Douglas Murray’s new book, portentously titled The War on the West, tells us almost nothing about the West, or about the origins of the war supposedly being waged against it, or how this war might be ended, let alone won, by those who cherish the West.
Instead, Murray’s book is a typical conservative liberal’s litany of grievances against the rise of identity politics, albeit limited almost exclusively to its expression through racial “wokeness.” Wholly ignoring, for instance, even more prevalent advances of identity politics in the sexual domain, the author laments a revolution that was inaugurated by liberalism itself, and that he believes can be arrested at the point he prefers—sometime around 2015. He wants to preserve the revolutionary fruits he enjoys up to a point, beyond which he exclaims, “No further!” Murray’s is thus a book that obfuscates both the nature of the West and of the war that is afoot.
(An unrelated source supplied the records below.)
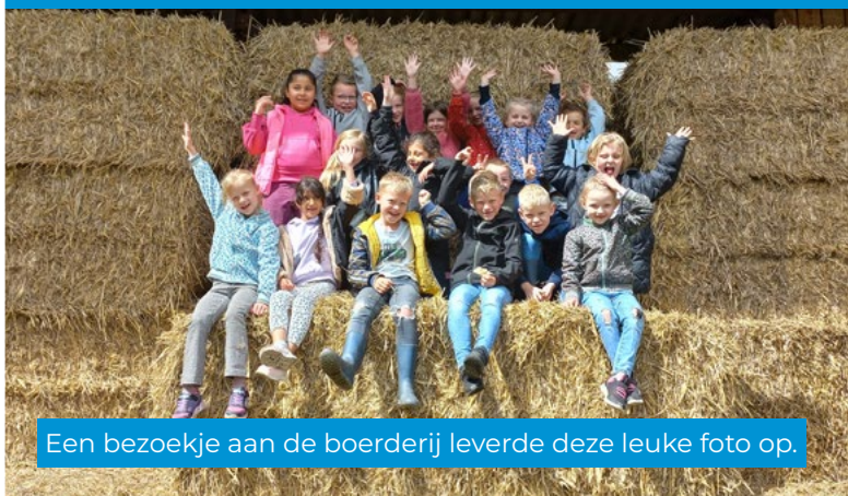
Een bezoekje aan de boerderij leverde deze leuke foto op.
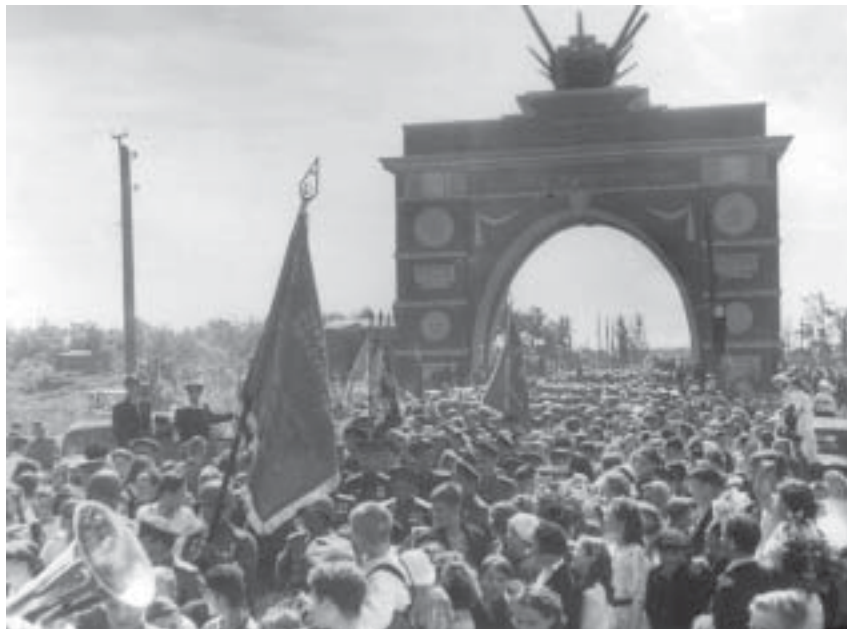
Встреча воинов у Арки победы в Автове. 1945 г.

Роль Кировского района Ленинграда в защите города огромна. Многие аспекты этой страницы нашей героической истории еще нуждаются в дополнительном изучении и осмыслении. ■
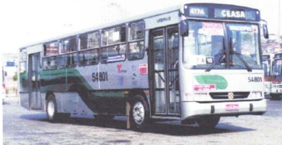
Busscar Urbanus S'95 2p denominado Ecobus

A Busscar, fabricante de carrocerias, de Joinville (SC) lançou recentemente uma nova opção de seu modelo urbano Urbanuss encarroçado sobre o chassi Scania L94UB com piso baixo. As cinco primeiras unidades foram entregues à empresa argentina Basuir Motor S. A. e contam com 3 portas (sendo a primeira e a terceira com largura 930 e a central com 1175mm). Os ônibus serão utilizados na região de Buenos Aires.
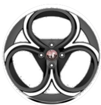
18" Felgi aluminiowe Progressive Kod opcji WP8
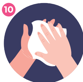
ASCIUGA CON UNA SALVIETTA MONOUSO DRY WITH A SINGLE USE TOWEL
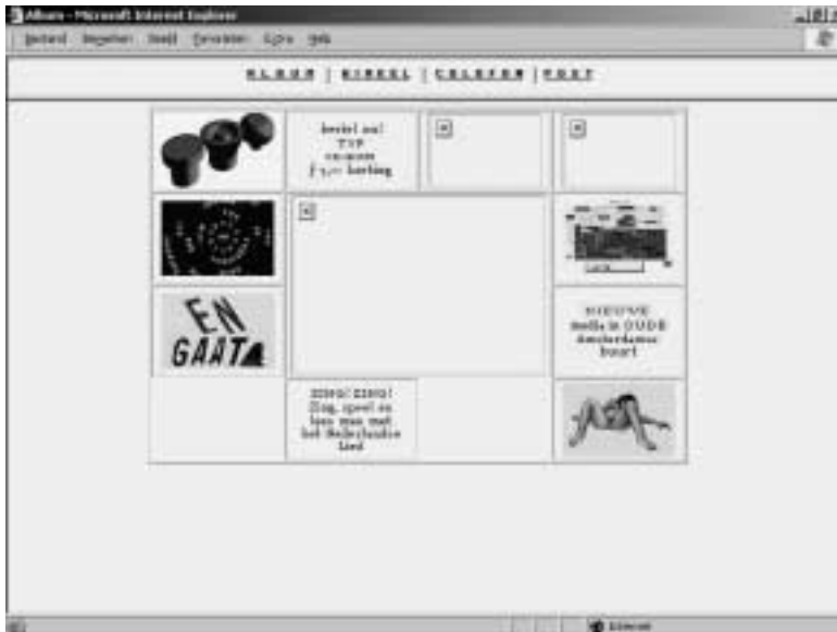
Afbeelding 2 Website uitgeverij Album.
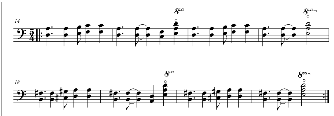
Fig. 3.16 Della Terra (A.Fedrigo) Riff del basso.

Poi ho affrontato la sezione A, che prevede che il clarinetto suoni una melodia sopra al riff di basso e ai due accordi ora suonati dalla chitarra (in figura 3.17 la parte originale).
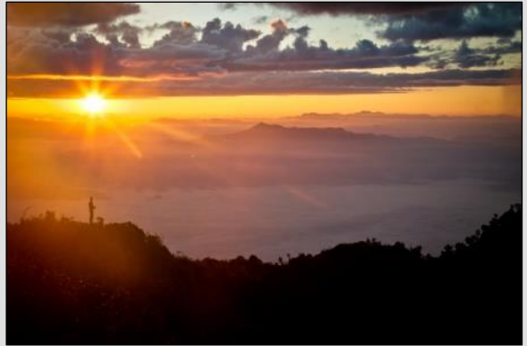
TAG 2 Sonnenaufgang
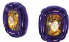
DULCIS CLIP EARRINGS cod. SW5613729 - € 175.00

Questa divertente collana pendente riprende la scultura del movimento della Pop Art, ed è sapientemente formata da un singolo cristallo in taglio di precisione inserito in una montatura a stampo viola lucida, appeso a una delicata catena in metallo dalla stessa tonalità. Indossala da sola con una semplice maglietta bianca oppure abbinala ad altre collane della famiglia Dulcis per un deciso tocco rosa candy. Parte della famiglia Dulcis, questa collana è firmata dal Direttore Creativo Giovanna Engelbert per la Collection I.
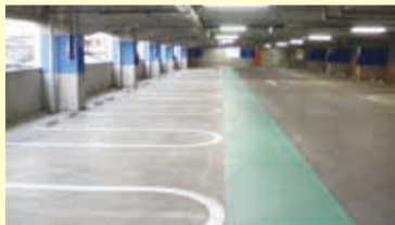
▶立体駐車場 約400台分の駐車枠があり1台のスペースを広くとっています。平面駐車場もあります。
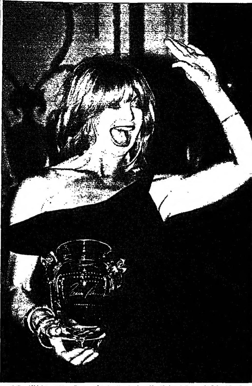
التجعة الأمريكية فولدي هون الحائزة على الأوسكار حصلت على جائزة تقيرية من متحف السينما في نيويورك ليلة أمس الأول
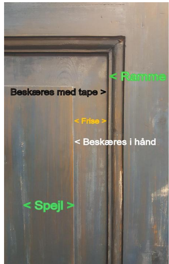
Figur 2: Frihåndsbeskæring (Tape = maling)
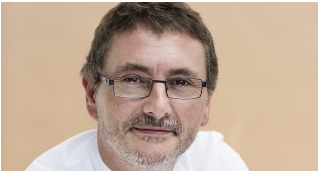
El chef español Andoni Luis Aduriz

una selección con lo mejor de la semana del primer diario independiente hecho en Cuba
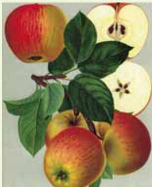
l.o.: Graue Herbstrenette, r.o.: Rheinischer Winterrambour, m.l.: Gravensteiner, m.r.: Jacob Lebel, u.l.: Rote Sternrenette, u.r.: Goldparmäne
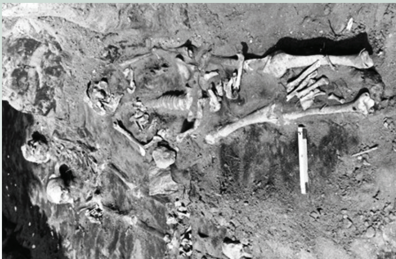
Ryc. 6. Górzycza „Targacz”, sierpień 1980. Pochówki ze średniowiecznego cmentarzyska rządowego, ujęcie od strony wschodniej. W lewym górnym narożniku widoczny prawdopodobnie grób matki z małym dzieckiem.
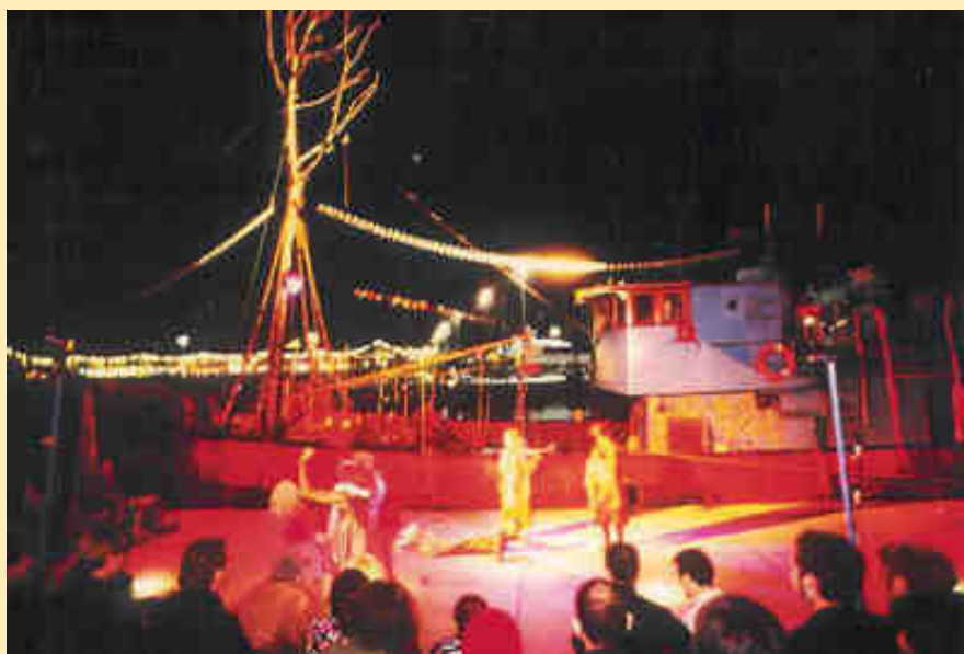
Els bojos en un dels seus espectacles a un port d'arreu del món

Azart és un col·lectiu d'artistes, actors, dissenyadors, músics i tècnics, peregrins de l'art que busquen altres formes d'explorar la comunicació humana i que fan el seu viatge pel món en forma de processó festiva. Però fa segles, Azart va ser un ambaixador subcultural d'Amsterdam que es va formar en les tradicions marítimes de la ciutat i que seguia les antigues rutes mercantils de les Índies. Anys després, el vaixell dels bojos ha seguit la seva estela, aquesta vegada per promoure intercanvis culturals, així com la cooperació artística entre tots els continents del món.
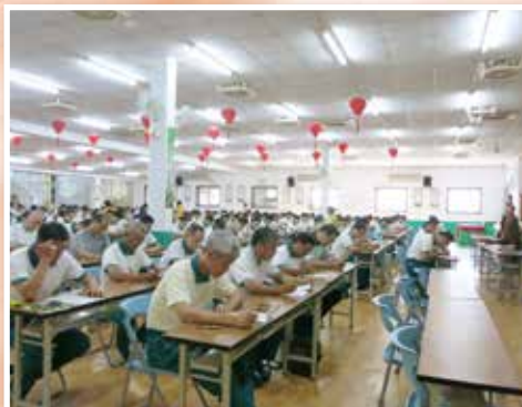
▲正德志義工，每月精進佛學考試。
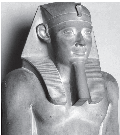
Senusert I istuv kuju (detail). 12. dünastia, u 1930 eKr. Lubjakivi, kõrgus 200 cm. Egiptuse Muuseum (Kairo)

endale jutustada mitmesuguseid imelugusid (omapärane araabia „Tuhande ja ühe öö muinasjuttude“ kauge ettekuulutaja). Keskmise riigi aegse 12. dünastia asutaja Amenemhet I (u 1991–1962 eKr), olles kogenud õukondlaste reeturlikkust, on oma õpetuses pojale Senusert I-le (valitses u 1971–1926 eKr) oma alamate suhtes puhtinimlikult pessimistlik, ebausaldav, kahtlev ning ettevaatlik.
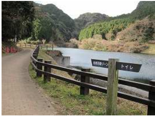
右に河内池を眺めて遊歩道を進む。
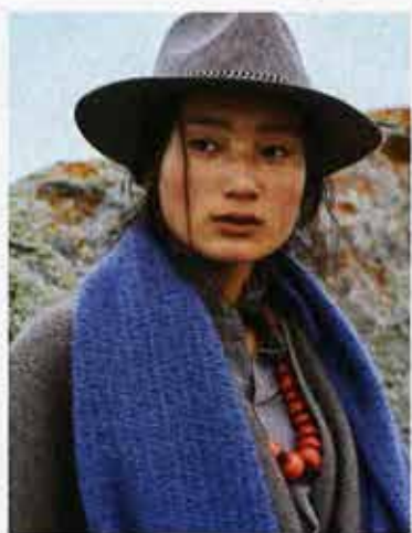
Echarpe en laine de yak de l'atelier Noriha.
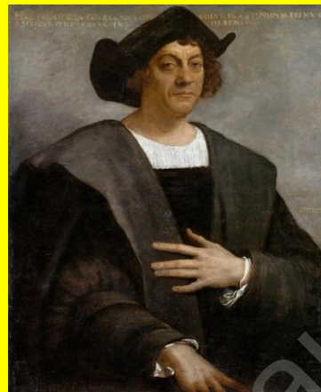
Portrait d'un homme supposé être Cristóbal Colón par Sebastiano del Piombo (1485–1547).

Né Christophorus Columbus (en figure Christoffa Corombo) à une date imprécise en 1451 (ou 1456?) et très probablement à Savona en République de Gènes, ce navigateur fut le premier à proposer de rejoindre les Indes – ou plutôt la côte orientale de l'Asie – en traversant l'Océan Atlantique vers l'Ouest.

It is more a work of liberal-regime propaganda than the ambitious examination promised by the title.
“It is more a work of liberal-regime propaganda than the ambitious examination promised by the title.”
Each of the book’s chapters is devoted to showing how one facet of Western life is under threat from wokeness and critical race theory. Yet regardless of the chapter title—“History,” “Religion,” “Culture,” and so forth—each is essentially a continuation of the very first: “Race.”